The case has prompted fresh questions, including whether Wang was arrested because of ties between Guanghui executives, whose company is a major taxpayer in Urumqi, and the city’s bureaucrats. Another is what it might mean for investment analysis in general if more companies start to push for criminal action against their critics. “Researchers who do not want to risk a surprise visit by police from a far-away city may decide to only report sunny skies at the firms they study,” Century Weekly warns.
How about Chen and Zoomlion? Case closed?
Once Chen had been exposed as a fraud, Zoomlion’s shares began to recover their declines of the previous week. That was in spite of reporting a 34% drop in third-quarter profit on Wednesday (to Rmb889 million) amid weak demand and excess capacity in its industry.
Also on Wednesday, Sany – Zoomlion’s main rival in the construction machinery sector – reported a 54% drop in profit to Rmb326 million for the same period.
Zoomlion will hope that Chen’s case is now closed and that the media will lose interest. But other important questions remain unanswered, especially the identity of the middleman who paid Chen and the entity which funded his campaign.
While CCTV seemed strangely incurious, it did provide a mischievous footnote to its coverage. During the report, the camera zoomed in on Chen’s written confession, lingering on what appeared to be a reference to “Sany Heavy Industry” in the text. It was only a momentary glimpse but eagle-eyed netizens had enough time to grab screen shots of the image. Soon enough they were doing the rounds online.
On Monday a Sany executive was quoted in the Chinese media as denying any involvement in the case, although the bad blood with Zoomlion is well known, as well as the rumours that Sany decided to switch its headquarters to Beijing because of its rival’s ties to the authorities in Hunan.
“Zoomlion is state-owned, so the local government is more inclined to Zoomlion. Sany may be leaving out of anger,” a company source told the Shanghai Evening Post at the time (see WiC174).

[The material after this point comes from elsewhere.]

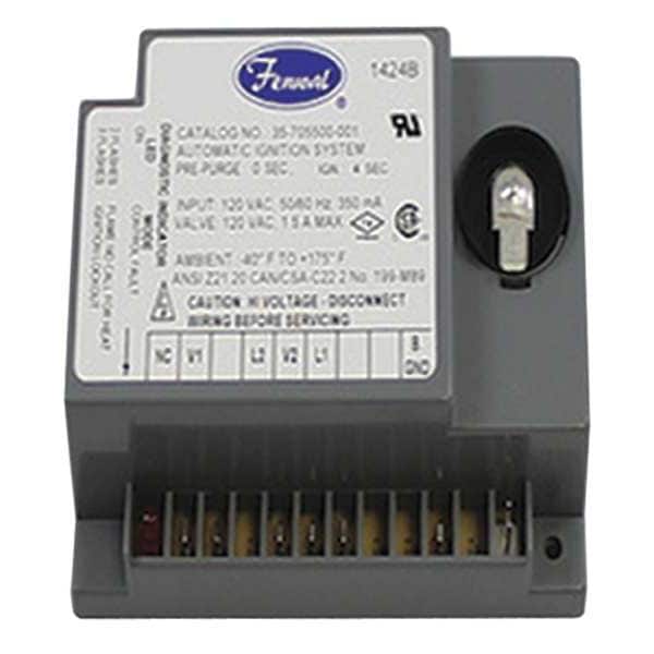 Ignition Control, Product Type Ignition Control, Maximum Operating Temperature 175 Degrees F, Minimum Operating Temperature -40 Degrees F, Pre-Purge Time Not Applicable, Flame Sensor Current Output 1 uA, Compatible with Brand Fenwal Ignition Controls, Control Voltage 120V AC, Overall Height 3 1/2 in, Overall Width 5 1/8 in, Overall Depth 2 in, Igniter Warm Up Time 4 sec, Input Voltage 102 to 138V AC, For Fuel Type LP, Natural Gas

A series of hints from Gao Hui, the assistant to Zoomlion’s chairman, also seemed to link Sany to Chen. Gao wrote in mid-July that Chen had never interviewed the bosses at Zoomlion, for instance, but that he had met Sany executive Xiang Wenbo on a number of occasions.

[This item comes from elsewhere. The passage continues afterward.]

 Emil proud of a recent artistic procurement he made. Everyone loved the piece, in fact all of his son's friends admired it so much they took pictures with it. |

In a further post online he was more direct, asking whether Chen “worked for New Express or for Sany Heavy Industry”.
But in another interview with Global Entrepreneur shortly before the move to Beijing, it was Sany executives complaining that they were the victims of a dirty tricks campaign, following accusations including tax evasion, bribing officials and stealing R&D.
“In the eyes of our rivals we have been involved in every illegal activity except drug trafficking and prostitution,” quipped Liang Wengen, Sany’s boss, noting that he had even been forced to deny that he was suffering from an incurable illness.
Such was Sany’s mistrust of its hometown that it is said to have organised its board meetings hundreds of miles away in Jiangsu, while gatherings in Changsha were sometimes convened out of doors because of fears that buildings had been bugged.
And according to Global Entrepreneur, Sany lashed out at its rival in a document handed to Party leaders in Hunan. “For two years, Zoomlion has continuously fabricated rumours against Sany, drumming up a bad press and relentlessly targeting it with untrue reports,” it complained. “In the face of such irrational competition, Sany can’t plan for the long term or focus on normal operations to make itself a first-class enterprise.”
In difficult commercial conditions, investors look to be pretty unimpressed by the ongoing struggle between the two corporate titans. Year-to-date Sany’s stock is down 32% and Zoomlion’s by 37%.